As current AR/VR programs are unable to provide interaction of numerous mobile users due to current wireless bottlenecks, by deploying Edge Computing into the mix, we can only image what the future for these devices has in store.  Once Edge Computing is integrated into these systems, we could feel like we are actually walking on the Moon, exploring the depths of the ocean, or whatever your imagination has in store.

=== References ===
[1] J. S. Devagiri, S. Paheding, Q. Niyaz, X. Yang and S. Smith, “Augmented Reality and Artificial Intelligence in industry: Trends, tools, and future challenges,” Expert Systems with Applications, vol. 207, November 2022, doi: 10.1016/j.eswa.2022.118002.

[2] R. Al-musawi and F. Farid, “Computer-Based Technologies in Dentistry: Types and Applications,” Journal of Dentistry (Tehran, Iran), vol. 13, pp. 215-222, June 2016.

[3] X. Hou, Y. Lu and S. Dey, "Wireless VR/AR with Edge/Cloud Computing," 2017 26th International Conference on Computer Communication and Networks (ICCCN), Vancouver, BC, Canada, 2017, pp. 1-8, doi: 10.1109/ICCCN.2017.8038375.

[4] Eswaran M. and Raju Bahubalendruni M. V., “Challenges and opportunities on AR/VR technologies for manufacturing systems in the context of industry 4.0; A state of the art review,” Journal of Manufacturing Systems, October 2022, vol. 65, pp. 260-278, doi: 10.1016/j.jmsy.2022.09.016.

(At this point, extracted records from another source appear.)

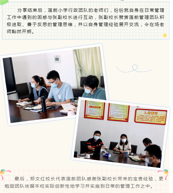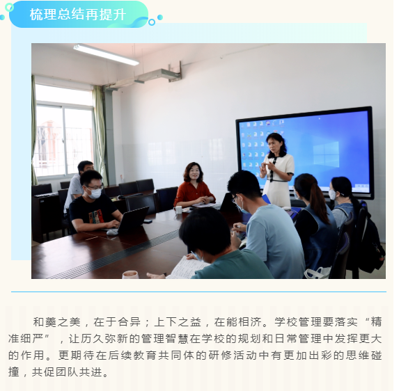 今日的教育,正走向个性化的大众教育阶段,正逐渐呈现出重视个性化发展、创造性发展的教育。为教育共同体的共融共进,提升管理团队的建设,2022年9月30日,厦门第二实验小学教育共同体“赢在中层”管理团队建设系列研讨活动在莲前小学开展。莲前小学郑文红校长主持本次研讨活动,莲前行政管理团队参加学习活动。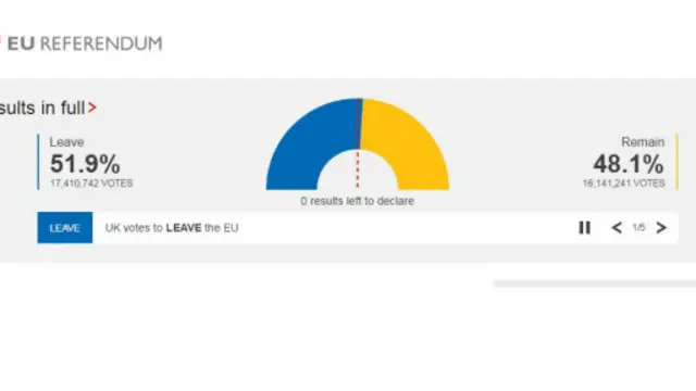 英国周五(24日)欧盟公投结果揭晓,主张脱离欧盟的阵营赢得了多数,其结果英国将退出欧盟。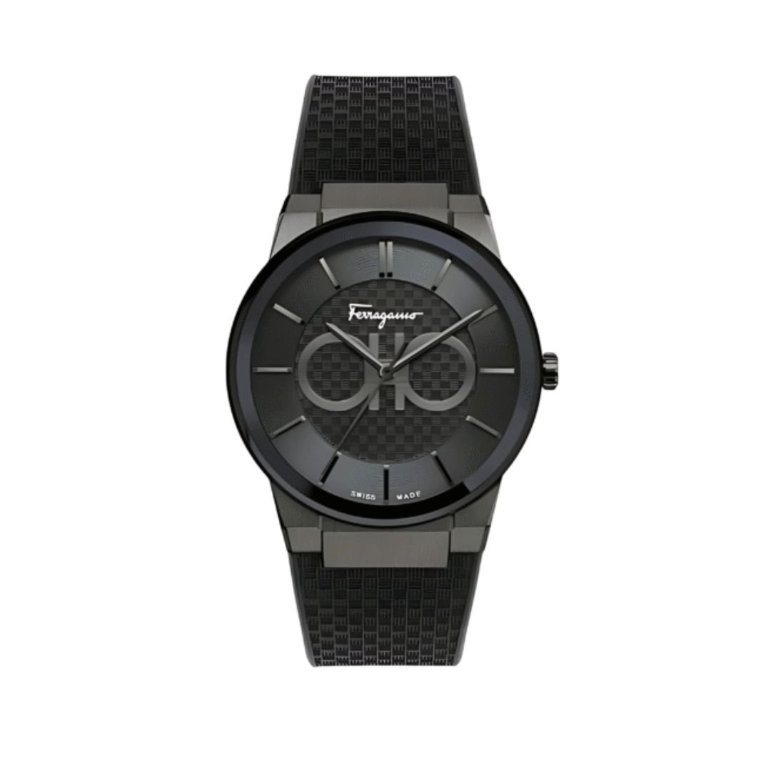 Ferragamo Men’s Swiss Made Quartz Black Silicone Strap Black Dial 41mm Watch SFHP00320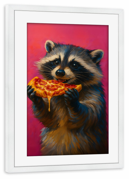 Poster mit Rahmen weiß "Pizza-Party mit Waschbär" artboxONE - Tiere,Essen & Trinken,Lustig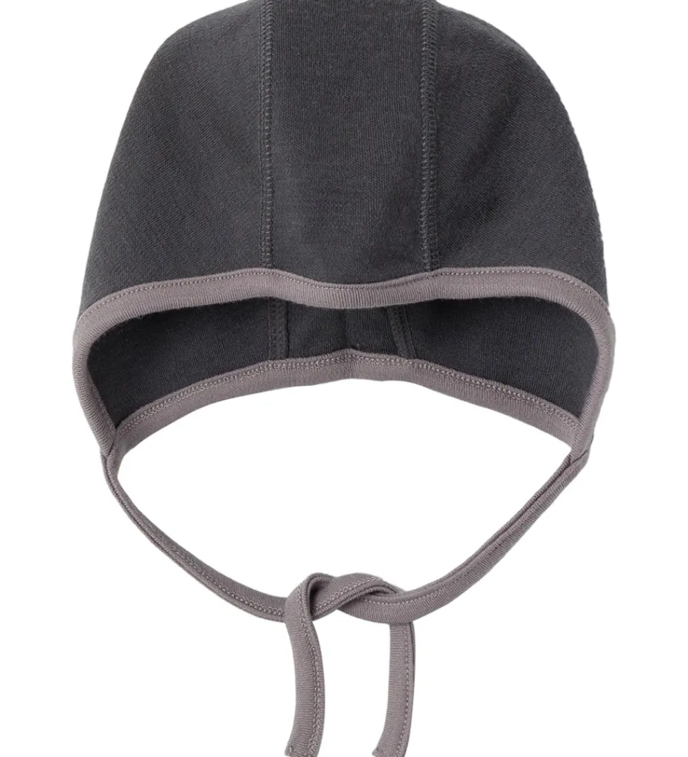 Smart Name It babyhjelm i mørkegrå, med grå kanter og bindebånd.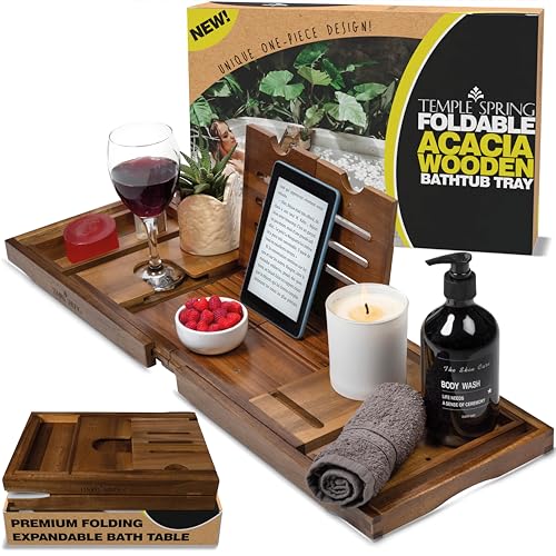 Temple Spring Fällbart Badkarsbricka i Akacieträ, Trähylla med Utdragbar Funktion, Hemspa-bräda för Vuxna, Badkarscaddy, Set med Badrumstillbehör i Trä – Ej Teak

[5] C. E. Mendoza-Ramírez, J. C. Tudon-Martinez, L. C. Félix-Herrán, J. J. Lozoya-Santos and A. Vargas-Martínez, “Augmented Reality: Survey,” Applied Sciences 13, September 2023, vol. 13: 10491, doi: 10.3390/app131810491.

[6] S. A. Jebamani and S. G. Winster, "A Study of Mobile Edge Computing in AR/VR Applications," 2022 International Conference on Power, Energy, Control and Transmission Systems (ICPECTS), Chennai, India, 2022, pp. 1-10, doi: 10.1109/ICPECTS56089.2022.10047234.

[7] S. Sukhmani, M. Sadeghi, M. Erol-Kantarci and A. El Saddik, "Edge Caching and Computing in 5G for Mobile AR/VR and Tactile Internet," in IEEE MultiMedia, vol. 26, no. 1, pp. 21-30, 1 Jan.-March 2019, doi: 10.1109/MMUL.2018.2879591.